Page MenuHomePhabricator

Move asw-c-codfw and asw-d-codfw CR uplinks to Spine switches
Closed, ResolvedPublic

Assigned To
Authored By
cmooney
Jun 7 2024, 7:49 PM
Referenced Files
F56509257: image.png
Jul 18 2024, 6:53 PM
File Not Attached
F56509244: image.png
Jul 18 2024, 6:53 PM
File Not Attached
F55318552: out-12.png
Jun 14 2024, 4:56 PM
F55318550: out-11.png
Jun 14 2024, 4:56 PM
F55318539: out-10.png
Jun 14 2024, 4:56 PM
F55318530: out-9.png
Jun 14 2024, 4:56 PM
F55318526: out-8.png
Jun 14 2024, 4:56 PM
F55318523: out-7.png
Jun 14 2024, 4:56 PM

Description

To complete the network configuration for the new codfw switches in row's C and D we need to migrate the uplinks from the current asw-c-codfw and asw-d-codfw virtual-chassis so they terminate on the new Spine swithces in row D instead of directly on the core routers.

We need to wait until we have the transceivers installed on the links between spines and CRs before we kick off (see T360789).

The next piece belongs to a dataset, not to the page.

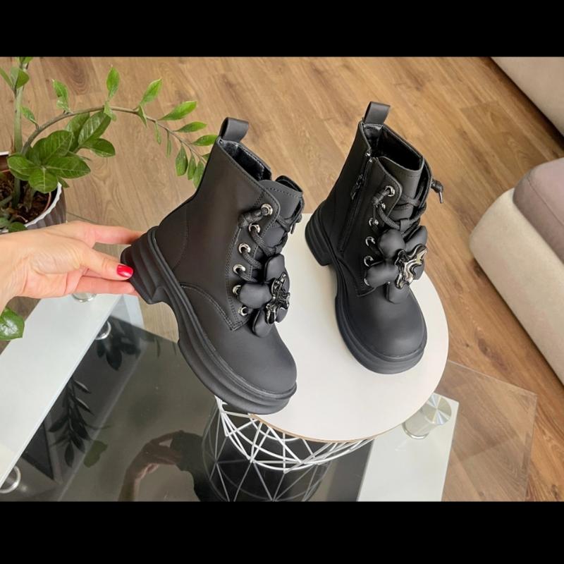 Верх якісна матова еко-шкіра Об’ємна підошва Всередині густе тепле хутро Бокова блискавка і шнурівка Декоровані прикрасою яку можна зняти 35 розмір 21.7 см 36 розмір 22.4 см 37 розмір 23 см (з сірою шнурівкою ) фото 3 ЕС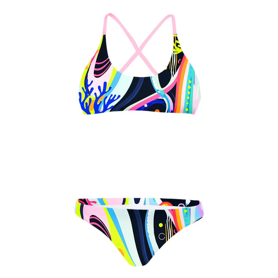 Costume due pezzi da piscina, vita bassa con laccio per poterlo regolare ed essere tranquilli anche per tuffi e virate.

This is quite a delicate change but should be possible without causing any interruption to service. It may make sense to do a dns depool of the site in advance as a precaution and to reduce traffic levels (as at many points we will be on 1 leg rather than 2). Steps are roughly as follows:

In advance:

  1. Create ESI-LAG ae0 on both spine switches, with single member port, et-0/0/28, on each (for asw-c)
  2. Create ESI-LAG ae1 on both spine switches, with single member port, et-0/0/27, on each (for asw-d)
  3. Add the current set of vlans in use on asw-c-codfw and asw-d-codfw to ssw1-d1-codfw and ssw1-d8-codfw
  4. Trunk those vlans over ssw1-d8-codfw port et-0/0/31towards cr2-codfw
  5. Trunk the row C vlans over ae0 on the spines
  6. Trunk the row D vlans over ae1 on the spines

On day of move:

NOTE: All these diagrams show 'asw-a' which is an error, should be 'asw-c' if I get time I will change and re-export them all.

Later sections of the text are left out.